Güneşin altın rengi ışıklarının İztuzu Sahili'ni yavaş yavaş terk ettiği o büyülü akşamüstü, tam da insanın içini huzurla dolduran o vakitte, inanılmaz bir doğa olayına tanıklık ettik. Sahil adeta hareketlenmişti - minik caretta carettalar, yuvalarından çıkmak için adeta birbiriyle yarışıyordu.
Ortalık tam bir heyecan ve sevinç karışımıydı. İnsan görünce hayret ediyor - doğdukları andan itibaren içgüdüsel olarak denize doğru ilerleyen bu minik canlılar, adeta bir yaşam mücadelesi veriyordu. Her biri, binlerce yıldır süren bu kadim yolculuğun küçük ama önemli bir parçasıydı.
Bir Yıllık Emek, Bir Gecede Meyvesini Verdi
DEKAMER yetkilileri, gözlerindeki gurur ve mutlulukla anlatıyordu olan biteni. "Yaklaşık bir yıldır süren çalışmalarımızın karşılığını aldık" diyordu bir görevli, sesindeki heyecanı gizleyemeyerek. Aslında düşününce - bu küçük yavruların hayata tutunma mücadelesi, hepimizin içindeki yaşama arzusunu hatırlatıyor insana.
Gece boyunca devam eden bu muazzam yolculukta, tam 30 bin yavru kaplumbağa denizle buluştu. İnanması güç bir sayı değil mi?
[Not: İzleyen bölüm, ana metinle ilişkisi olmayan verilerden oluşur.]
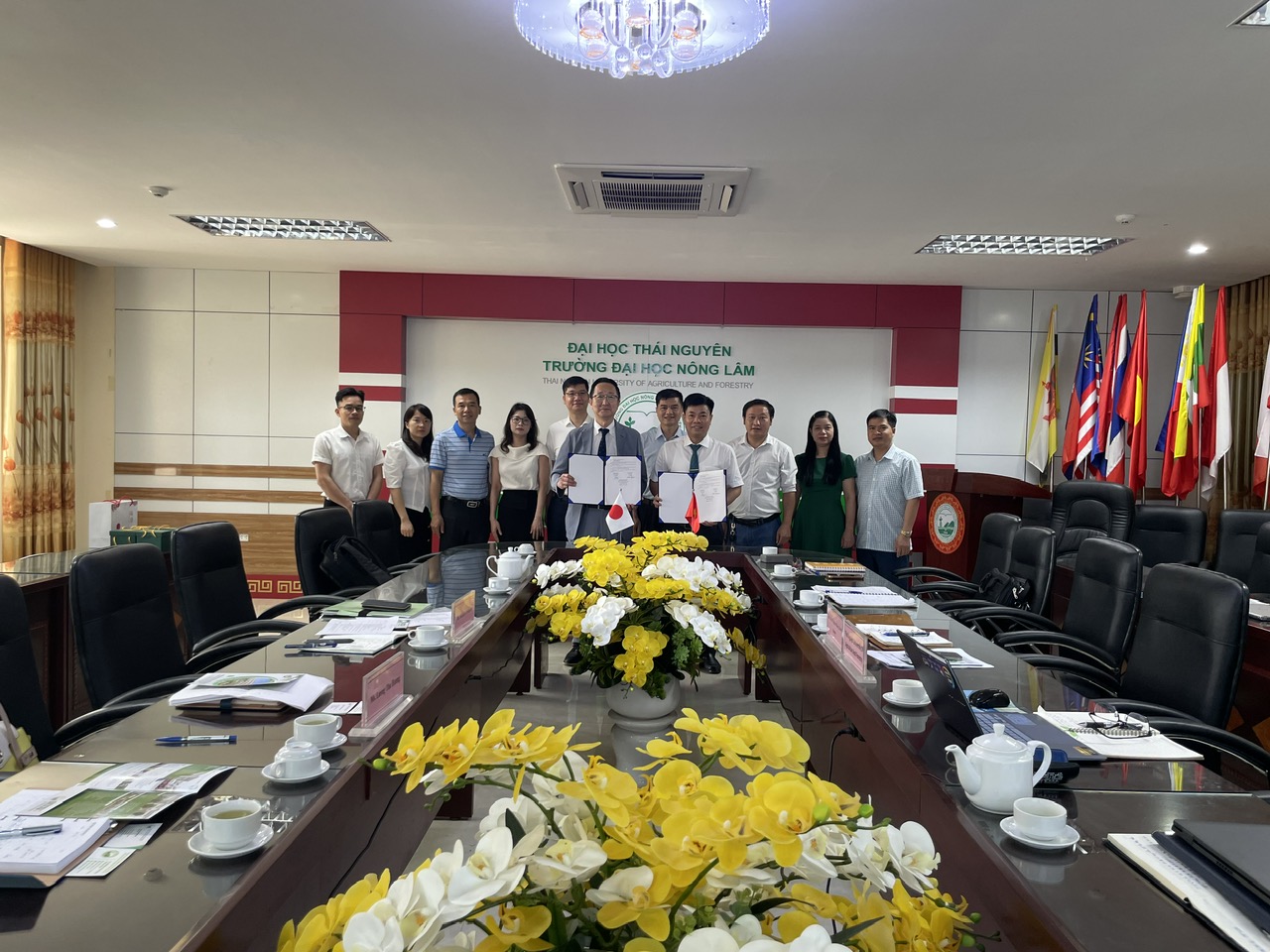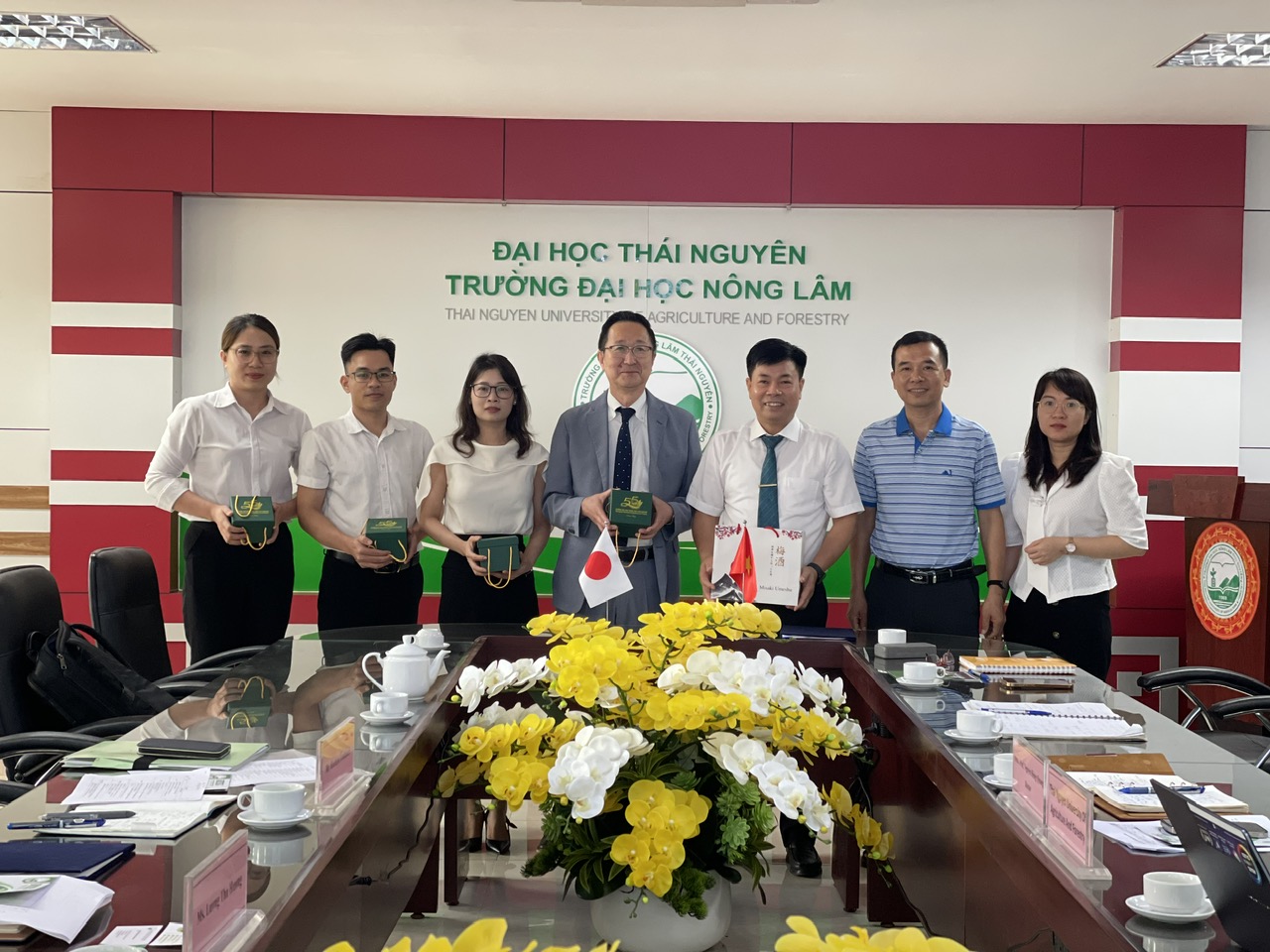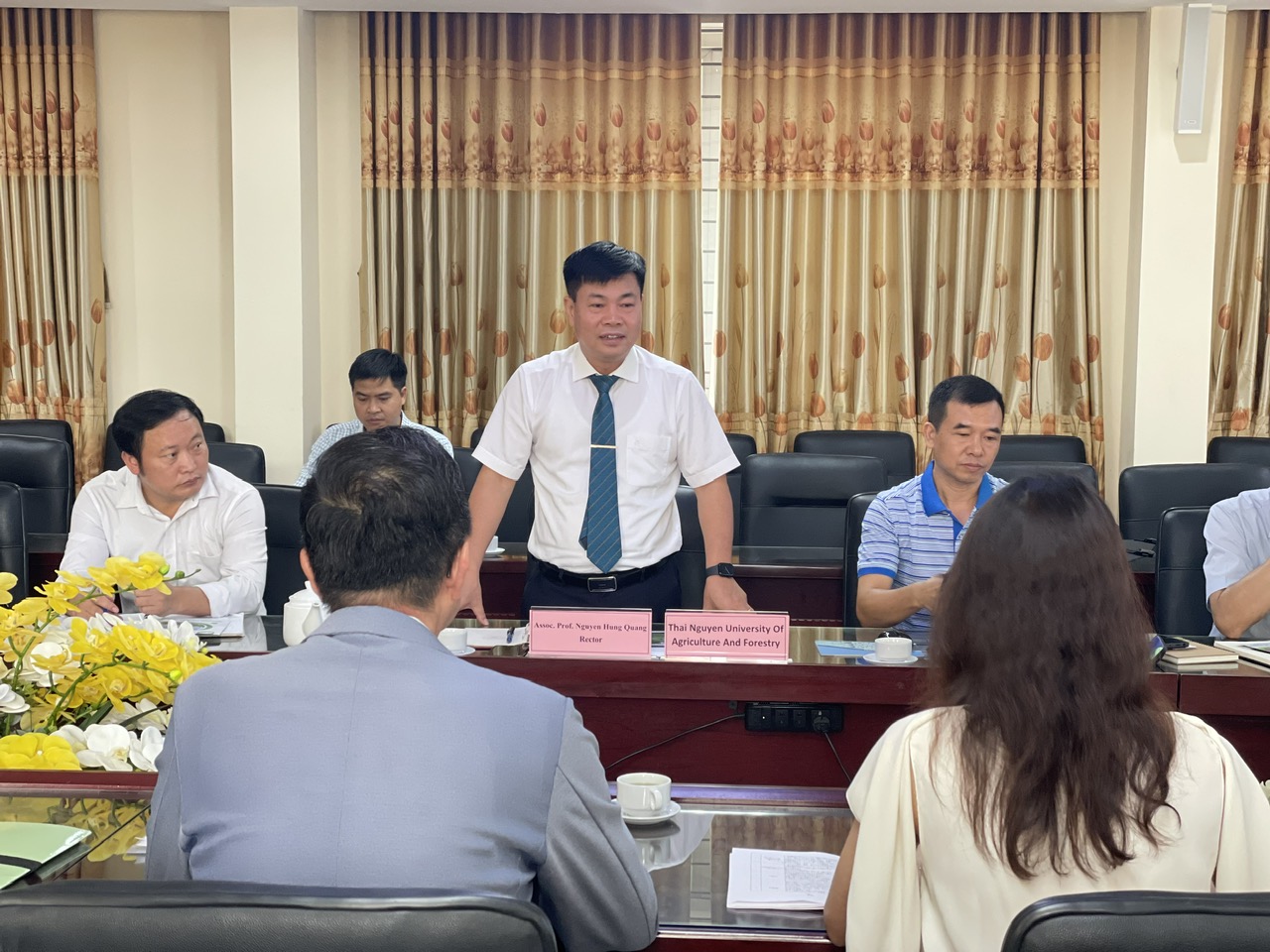 Tham dự buổi làm việc, về phía Trường Đại học Nông Lâm có PGS.TS. Nguyễn Hưng Quang - Hiệu trưởng Nhà trường; TS. Dương Văn Thảo, Trưởng phòng Khoa học Công nghệ và Hợp tác quốc tế; TS. Nguyễn Thị Giang – Phó trưởng phòng KHCN & HTQT; cùng đại diện lãnh đạo các đơn vị: Trung tâm Tuyển sinh và Truyền thông, Khoa Quản lý Tài nguyên, Khoa Nông học, Khoa Lâm nghiệp, Khoa Chăn nuôi thú y, Viện CNSH&CNTP cùng các thầy cô quan tâm.

Öyle ama gerçek. İztuzu Sahili, adeta bir yaşam festivaline ev sahipliği yaptı o gece.
Koruma Çalışmaları Meyvelerini Veriyor
Şunu itiraf etmeliyim - insan bazen doğanın bu mucizelerine tanıklık edince, yaptığımız koruma çalışmalarının ne kadar değerli olduğunu bir kez daha anlıyor. DEKAMER'in yuva koruma, yavru çıkışı izleme ve destek çalışmaları olmasaydı, belki de bu yavruların birçoğu denize ulaşamayacaktı.
Uzmanların dediğine göre, bu yılki yavru çıkış oranları gerçekten umut verici. Yaklaşık 700 yuvadan çıkan yavruların denize ulaşma başarısı, nesillerinin devamı için büyük önem taşıyor. Doğanın dengesi işte böyle küçük mucizelerle sağlanıyor.
O gece sahilde olanlar için unutulmaz bir anıydı. Minik kaplumbağaların denize ulaşma çabası, insana yaşamın ne kadar kıymetli olduğunu bir kez daha hatırlatıyor. Doğanın bu sessiz ama bir o kadar da güçlü direnişi, hepimizin içinde bir umut ışığı yakıyor.